This feature would add methods to the IamDataFrame to compute Kaya identity factors according to the methodology described in Koomey et al 2019 and 2022.

KoomeyExploringBlackBox2022FINAL.pdf
SupplementalinformationKoomeyExploringBlackBox-FINAL.docx

InsidetheblackboxFINAL2019.pdf
AppendicesInsidetheBlackBox-v61.docx

Our idea is to add three methods to the public api of the compute module which return Kaya variables, Kaya factors, and an LMDI decomposition. Please let me know if the compute module is not the right place for this feature!

Kaya Variables
These are produced by simple transformations of the input data variables, mostly doing arithmetic with the emissions and CCS input variables to get the quantities we're interested in.

Kaya Factors
These are the terms of the Expanded Kaya identity, calculated from the Kaya variables.

LMDI Decomposition
The Log-Mean Divisia Index method attributes the a portion of the total change in emissions from the reference scenario to the intervention scenario to each Kaya Factor.

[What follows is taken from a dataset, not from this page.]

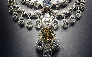 Many maharajas were educated in Europe or by English tutors in India. Some adopted elements of Western dress and culture, such as cricket, fox hunting, and automobile racing. Travel to the West greatly expanded Indian princely patronage, and the new royal patrons had a profound effect on the production of luxury goods in Europe, as manufacturers responded to the tastes of their new clients. These exchanges led designers such as Cartier to introduce Indian-inspired designs to their European clientele. Outstanding among the royal jewels on display is the Patiala necklace designed by Cartier, which originally contained 2,930 diamonds and the yellow 234.69-carat DeBeers diamond.

Below are example tests for the method to compute Kaya variables. I hope this is enough to get the discussion started. As I progress with the development I'll update this thread with questions that come up.

import pandas as pd
import input_variable_names 
import kaya_variable_names 
import pytest

from pyam import IamDataFrame
from pyam.testing import assert_iamframe_equal
from pyam.utils import IAMC_IDX

TEST_DF = IamDataFrame(
    pd.DataFrame(
        [
            [input_variable_names.POPULATION, "million", 1000],
            [input_variable_names.GDP_PPP, "billion USD_2005/yr", 6],
            [input_variable_names.GDP_MER, "billion USD_2005/yr", 5],
            [input_variable_names.FINAL_ENERGY, "EJ/yr", 8],
            [input_variable_names.PRIMARY_ENERGY, "EJ/yr", 10],
            [input_variable_names.PRIMARY_ENERGY_COAL, "EJ/yr", 5],
            [input_variable_names.PRIMARY_ENERGY_GAS, "EJ/yr", 2],
            [input_variable_names.PRIMARY_ENERGY_OIL, "EJ/yr", 2],
            [input_variable_names.EMISSIONS_CO2_FOSSIL_FUELS_AND_INDUSTRY, "Mt CO2/yr", 10],
            [input_variable_names.EMISSIONS_CO2_INDUSTRIAL_PROCESSES, "Mt CO2/yr", 1],
            [input_variable_names.EMISSIONS_CO2_CARBON_CAPTURE_AND_STORAGE, "Mt CO2/yr", 4],
            [input_variable_names.EMISSIONS_CO2_CARBON_CAPTURE_AND_STORAGE_BIOMASS, "Mt CO2/yr", 1],
            [input_variable_names.CCS_FOSSIL_ENERGY, "Mt CO2/yr", 2],
            [input_variable_names.CCS_FOSSIL_INDUSTRY, "Mt CO2/yr", 1],
            [input_variable_names.CCS_BIOMASS_ENERGY, "Mt CO2/yr", 0.5],
            [input_variable_names.CCS_BIOMASS_INDUSTRY, "Mt CO2/yr", 0.5],
        ],
        columns=["variable", "unit", 2010],
    ),
    model="model_a",
    scenario="scen_a",
    region="World", 
)

EXP_DF = IamDataFrame(
    pd.DataFrame(
        [   
            [kaya_variable_names.POPULATION, "billion", 1.0],
            [kaya_variable_names.GNP, "billion USD_2010/yr", 6.6],
            [kaya_variable_names.FINAL_ENERGY, "EJ/yr", 8.0],
            [kaya_variable_names.PRIMARY_ENERGY, "EJ/yr", 10.0],
            [kaya_variable_names.PRIMARY_ENERGY_FF, "EJ/yr", 9.0],
            [kaya_variable_names.TFC, "Mt CO2/yr", 12.0],
            [kaya_variable_names.NFC, "Mt CO2/yr", 10.0],
        ],
        columns=["variable", "unit", 2010],
    ),
    model="model_a",
    scenario="scen_a",
    region="World", 
)


@pytest.mark.parametrize("append", (False, True))
def test_kaya_variables(append):
    """Test computing kaya variables"""

    if append:
        obs = TEST_DF.copy()
        obs.compute.kaya_variables(scenarios=['scen_a'], append=True)
        assert_iamframe_equal(TEST_DF.append(EXP_DF), obs)
    else:
        obs = TEST_DF.compute.kaya_variables(scenarios=['scenario_a'])
        assert_iamframe_equal(EXP_DF, obs)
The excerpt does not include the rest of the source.